Begin with the first line below and retype each line exactly through the line containing "Tô điểm trên". Any pictures are to be left out.

----

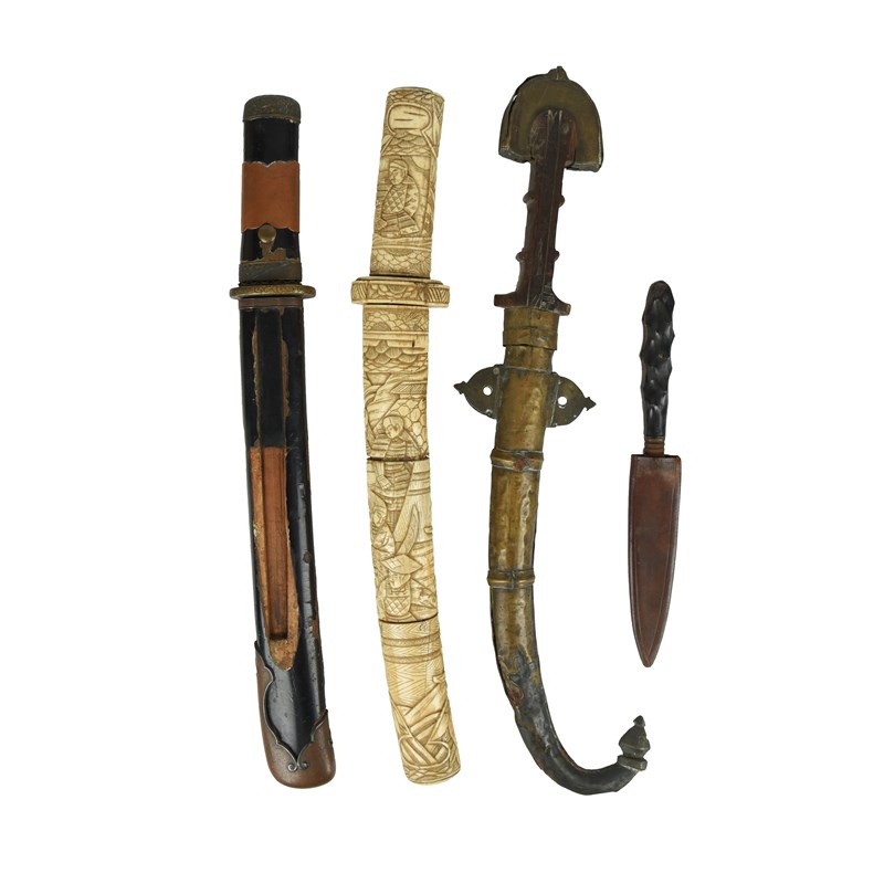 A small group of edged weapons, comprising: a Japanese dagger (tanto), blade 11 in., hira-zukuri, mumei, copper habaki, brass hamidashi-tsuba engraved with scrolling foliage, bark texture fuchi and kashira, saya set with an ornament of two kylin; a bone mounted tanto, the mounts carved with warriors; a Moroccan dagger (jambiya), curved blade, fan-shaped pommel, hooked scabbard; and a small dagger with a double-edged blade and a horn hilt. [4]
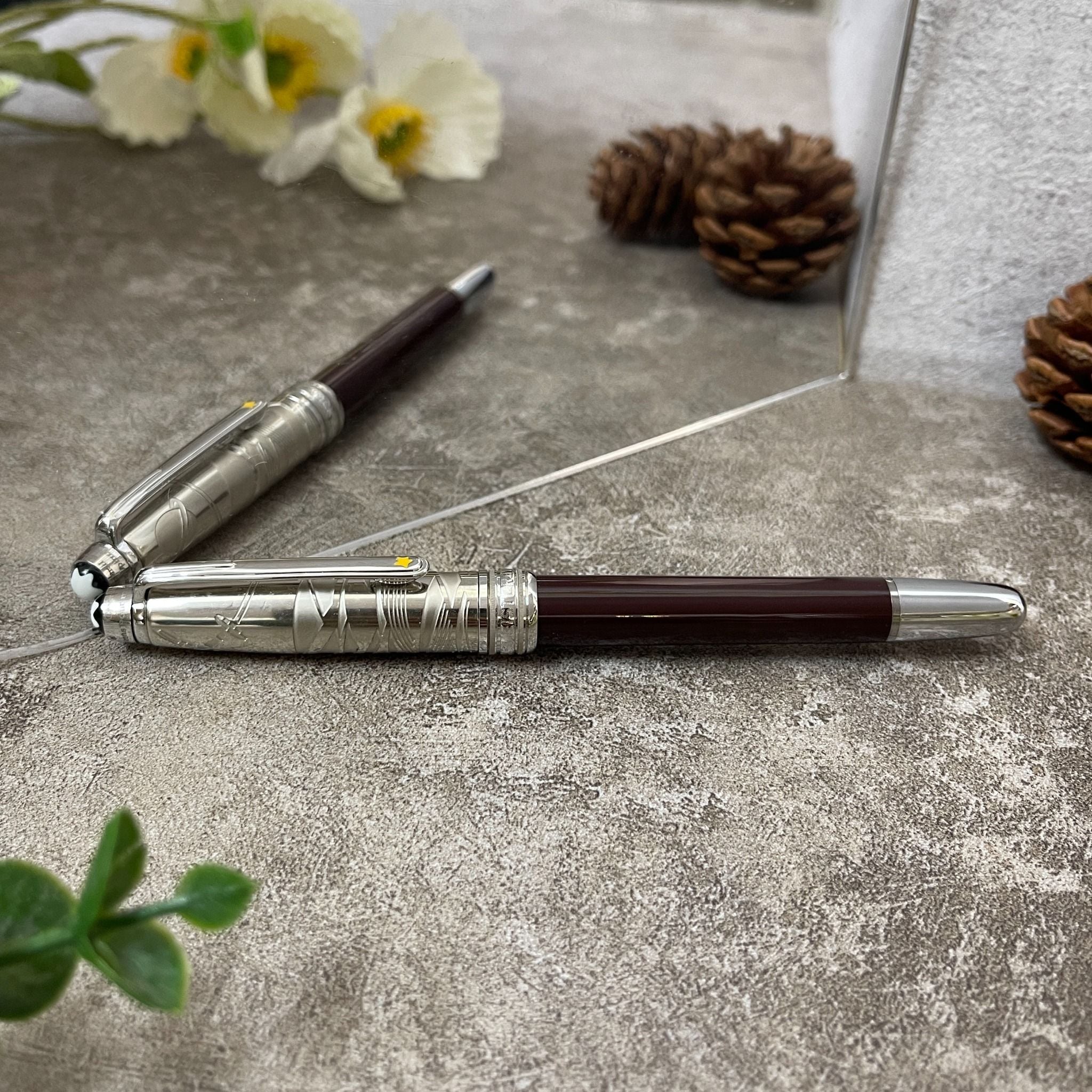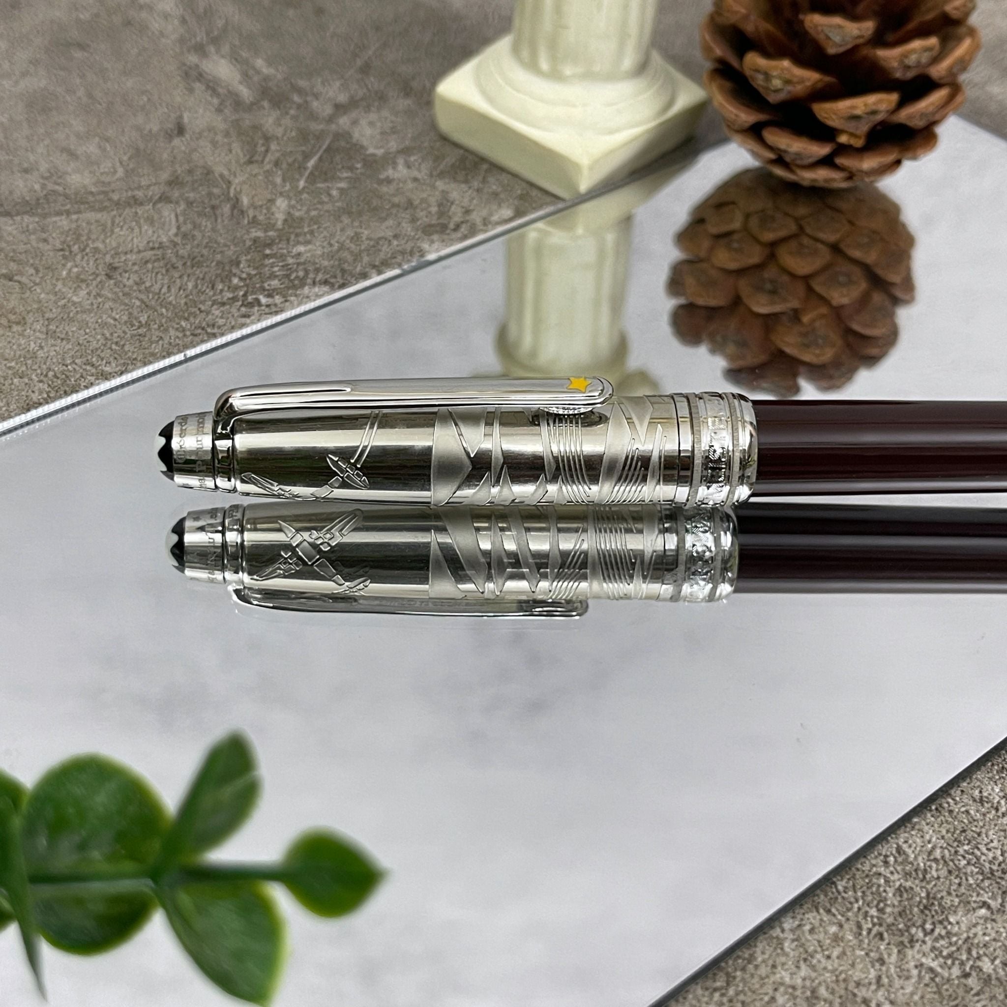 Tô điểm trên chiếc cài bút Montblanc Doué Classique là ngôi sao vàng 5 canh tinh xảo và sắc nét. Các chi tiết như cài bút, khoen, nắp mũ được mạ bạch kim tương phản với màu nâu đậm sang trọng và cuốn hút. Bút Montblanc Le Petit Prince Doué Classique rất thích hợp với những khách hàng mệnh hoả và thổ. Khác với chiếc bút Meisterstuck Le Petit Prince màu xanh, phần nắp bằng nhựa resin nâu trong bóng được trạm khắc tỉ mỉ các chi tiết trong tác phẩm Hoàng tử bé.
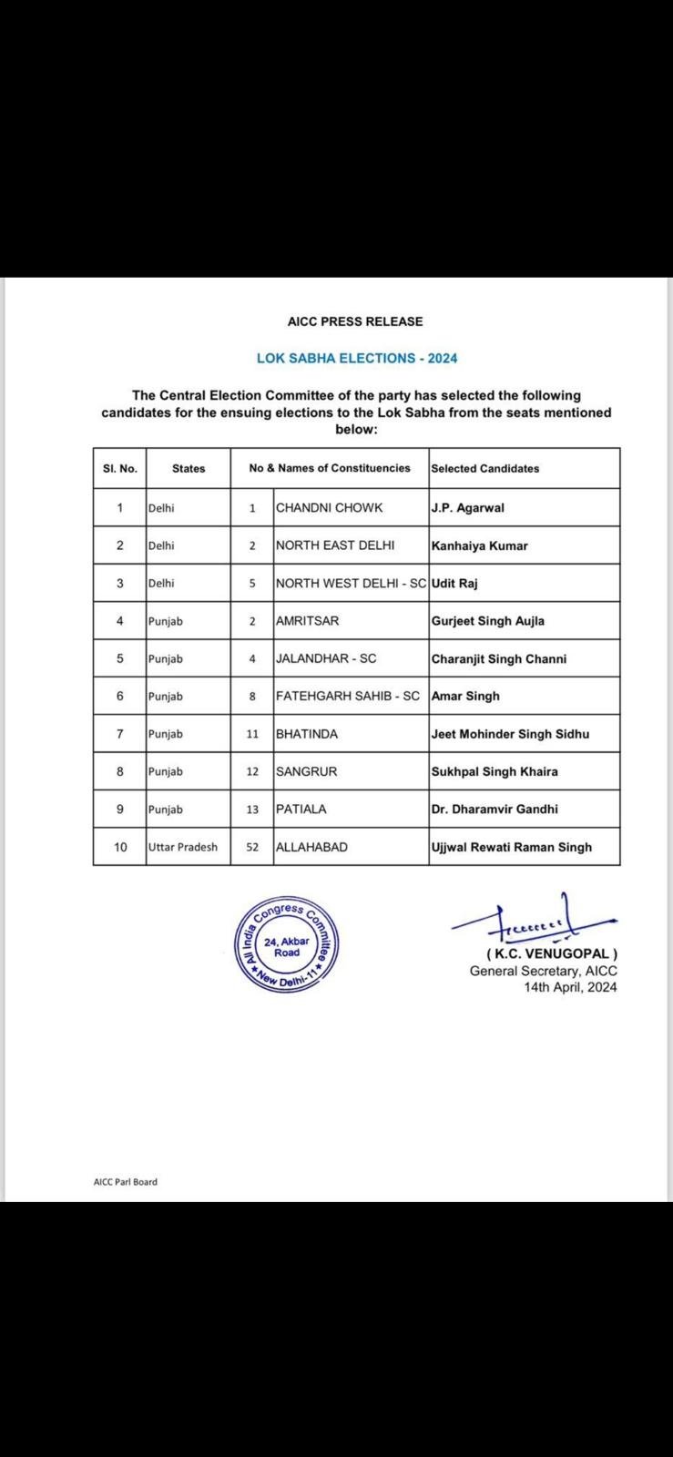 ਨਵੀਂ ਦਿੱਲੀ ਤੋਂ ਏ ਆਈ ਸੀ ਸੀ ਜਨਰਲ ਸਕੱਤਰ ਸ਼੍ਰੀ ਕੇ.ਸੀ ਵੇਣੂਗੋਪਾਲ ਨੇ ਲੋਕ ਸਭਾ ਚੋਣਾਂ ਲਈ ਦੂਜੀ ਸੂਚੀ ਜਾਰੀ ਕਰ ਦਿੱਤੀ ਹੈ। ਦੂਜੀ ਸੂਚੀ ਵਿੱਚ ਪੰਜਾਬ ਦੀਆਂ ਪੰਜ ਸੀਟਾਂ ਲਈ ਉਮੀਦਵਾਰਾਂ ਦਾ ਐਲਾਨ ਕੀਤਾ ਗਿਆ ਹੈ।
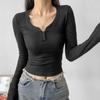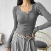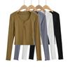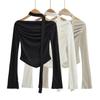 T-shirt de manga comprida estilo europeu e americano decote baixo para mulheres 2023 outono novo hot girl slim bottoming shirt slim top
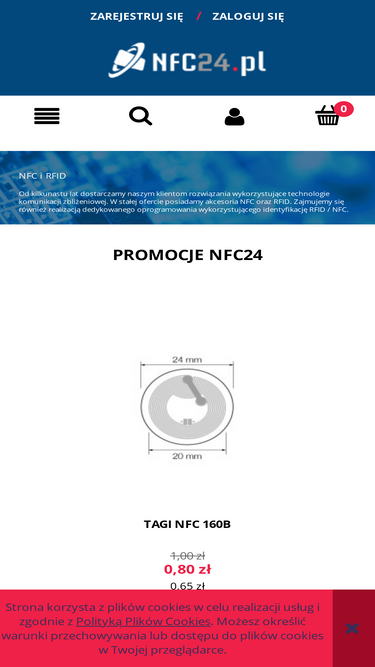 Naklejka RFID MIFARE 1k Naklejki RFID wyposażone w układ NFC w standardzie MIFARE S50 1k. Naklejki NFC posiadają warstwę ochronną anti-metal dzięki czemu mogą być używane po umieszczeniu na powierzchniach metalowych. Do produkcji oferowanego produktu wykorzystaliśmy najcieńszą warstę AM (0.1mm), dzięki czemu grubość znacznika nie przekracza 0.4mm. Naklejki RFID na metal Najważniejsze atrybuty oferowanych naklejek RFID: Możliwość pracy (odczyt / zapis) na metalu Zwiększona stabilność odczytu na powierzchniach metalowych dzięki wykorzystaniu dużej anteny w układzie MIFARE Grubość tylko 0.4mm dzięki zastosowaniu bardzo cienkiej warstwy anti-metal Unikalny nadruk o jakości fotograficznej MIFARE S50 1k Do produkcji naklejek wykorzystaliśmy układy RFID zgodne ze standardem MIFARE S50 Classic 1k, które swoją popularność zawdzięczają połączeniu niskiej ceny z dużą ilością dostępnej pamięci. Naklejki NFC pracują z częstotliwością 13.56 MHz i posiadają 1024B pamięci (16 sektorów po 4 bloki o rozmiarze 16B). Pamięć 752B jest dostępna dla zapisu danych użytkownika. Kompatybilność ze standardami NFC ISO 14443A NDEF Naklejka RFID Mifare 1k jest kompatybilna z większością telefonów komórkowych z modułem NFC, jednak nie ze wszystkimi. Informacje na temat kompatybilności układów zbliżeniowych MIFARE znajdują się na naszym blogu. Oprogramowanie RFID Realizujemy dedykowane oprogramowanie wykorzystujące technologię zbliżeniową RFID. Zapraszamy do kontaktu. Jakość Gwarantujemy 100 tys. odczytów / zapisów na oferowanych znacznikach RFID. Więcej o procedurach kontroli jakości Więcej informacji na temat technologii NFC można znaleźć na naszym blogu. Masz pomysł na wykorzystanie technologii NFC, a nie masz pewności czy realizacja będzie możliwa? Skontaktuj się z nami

----

| RESPONSE AREA |
 A small group of edged weapons, comprising: a Japanese dagger (tanto), blade 11 in., hira-zukuri, mumei, copper habaki, brass hamidashi-tsuba engraved with scrolling foliage, bark texture fuchi and kashira, saya set with an ornament of two kylin; a bone mounted tanto, the mounts carved with warriors; a Moroccan dagger (jambiya), curved blade, fan-shaped pommel, hooked scabbard; and a small dagger with a double-edged blade and a horn hilt. [4]
 Tô điểm trên chiếc cài bút Montblanc Doué Classique là ngôi sao vàng 5 canh tinh xảo và sắc nét. Các chi tiết như cài bút, khoen, nắp mũ được mạ bạch kim tương phản với màu nâu đậm sang trọng và cuốn hút. Bút Montblanc Le Petit Prince Doué Classique rất thích hợp với những khách hàng mệnh hoả và thổ. Khác với chiếc bút Meisterstuck Le Petit Prince màu xanh, phần nắp bằng nhựa resin nâu trong bóng được trạm khắc tỉ mỉ các chi tiết trong tác phẩm Hoàng tử bé.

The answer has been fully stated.